Looking at the intersection of plugins and GPU, could it be http://src.chromium.org/viewvc/chrome?view=rev&revision=83442?

-----
piman@google.com	
Rework FlushSync to return early if commands have been processed since the last update

BUG= 80480 
I'm guessing the current top browser crasher on the Canary, http://crash/reportdetail?reportid=01feccecee80e026#crashing_thread, is a relative of this issue.
None of the changes in 83442 appear to affect code that runs in the browser process so I think it is unlikely to be that.

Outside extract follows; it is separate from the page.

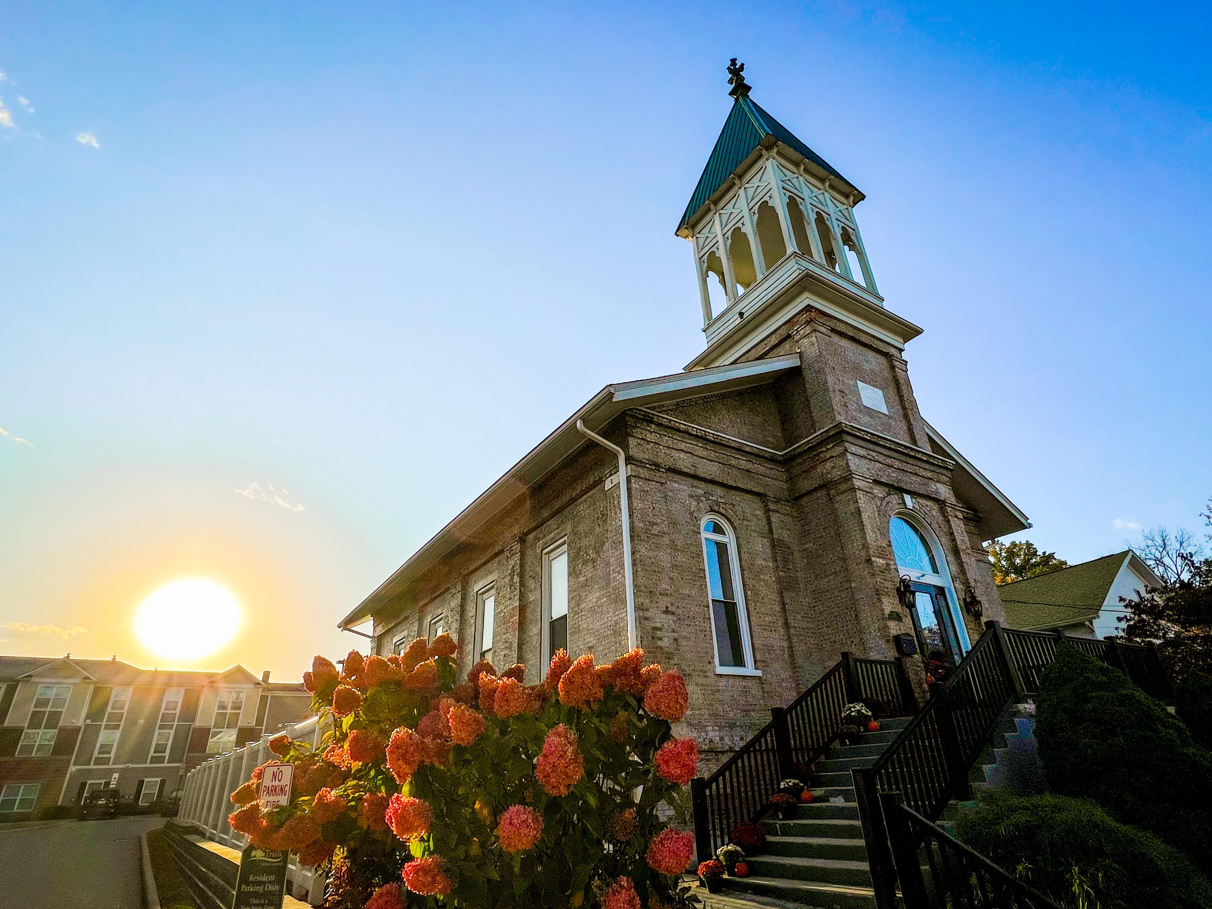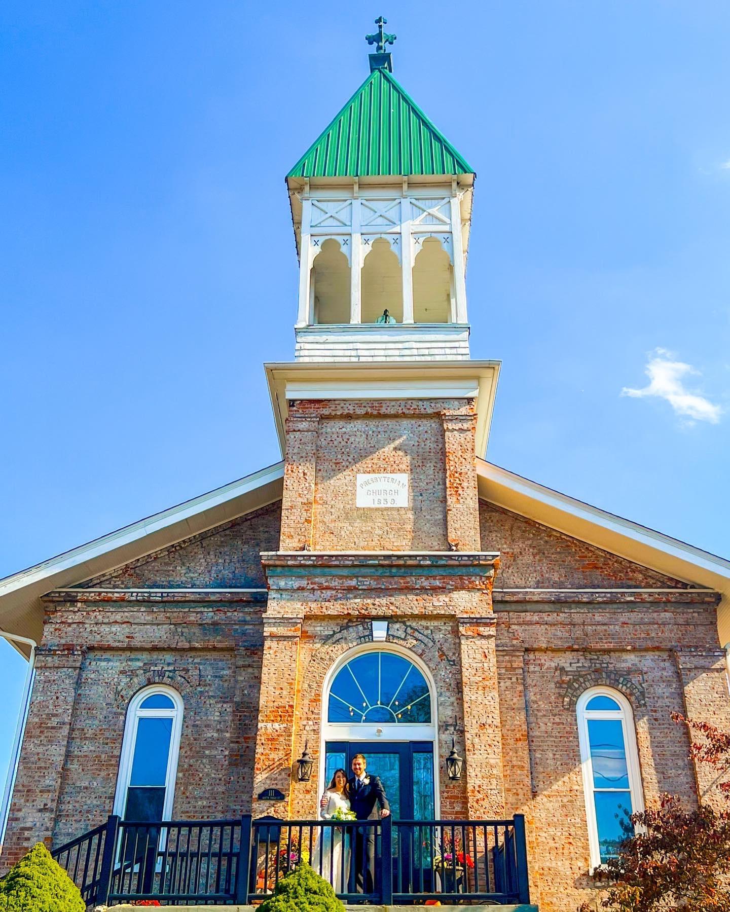 The 1859 is a wedding venue situated in the heart of Historic, Loveland, Ohio. Originally constructed in 1859 from handmade bricks, this timeless chapel has laid witness to countless partners taking their first steps as a married couple. The 1859 is ideal for both large and smaller, more intimate weddings, hosting up to 90 guests. As you enter through the chapel’s large 8 ft. door, couples and guests are met by a stunning and welcoming room. Featuring inspiring 12 ft. glass windows, a classic bell tower, and wooden flooring, this venue is an elegant space for those seeking to get hitched in a loving and quaint environment.

I have inspected every change to code that runs on windows in the 83287:83481 probable regression and range and nothing stands out. I particularly looked for code that runs only on windows and code that invokes callbacks, especially through a variable that might be null.

laforge, would it be possible to push a canary build with the compiler / linker setting that merges identical ganerated code disabled so that we can get an accurate signature for the related callback? I expect the binary would be larger than usual.
I landed this at r84869:

http://codereview.chromium.org/6982004

It will make PostTask assert in Release builds if null is passed to any of the variants of PostTask. It is not firing in 13.0.762.0, which is built from r84939. Since r84939 contains the new assert, this bug is not caused by null being passed to PostTask.

In 13.0.762.0, the signature of the crashing function has changed to this:

RunnableFunction<void (*)(int),Tuple1<int> >::Run()

I still have no leads.
Project Member Comment 7 by bugdroid1@chromium.org, May 14 2011
The following revision refers to this bug:
    http://src.chromium.org/viewvc/chrome?view=rev&revision=85359

------------------------------------------------------------------------
r85359 | apatrick@chromium.org | Fri May 13 18:06:54 PDT 2011

Changed paths:
 M http://src.chromium.org/viewvc/chrome/trunk/src/base/task.h?r1=85359&r2=85358&pathrev=85359

Added release build assert on attempt to create a RunnableFunction for a function pointer with address 1.

This is actually happening. See  http://crbug.com/81449 . The generated code to invoke the callback puts the address of the function in the EAX register before doing CALL EAX. I see 0x00000001 in the EAX register when it crashes in the reported minidumps.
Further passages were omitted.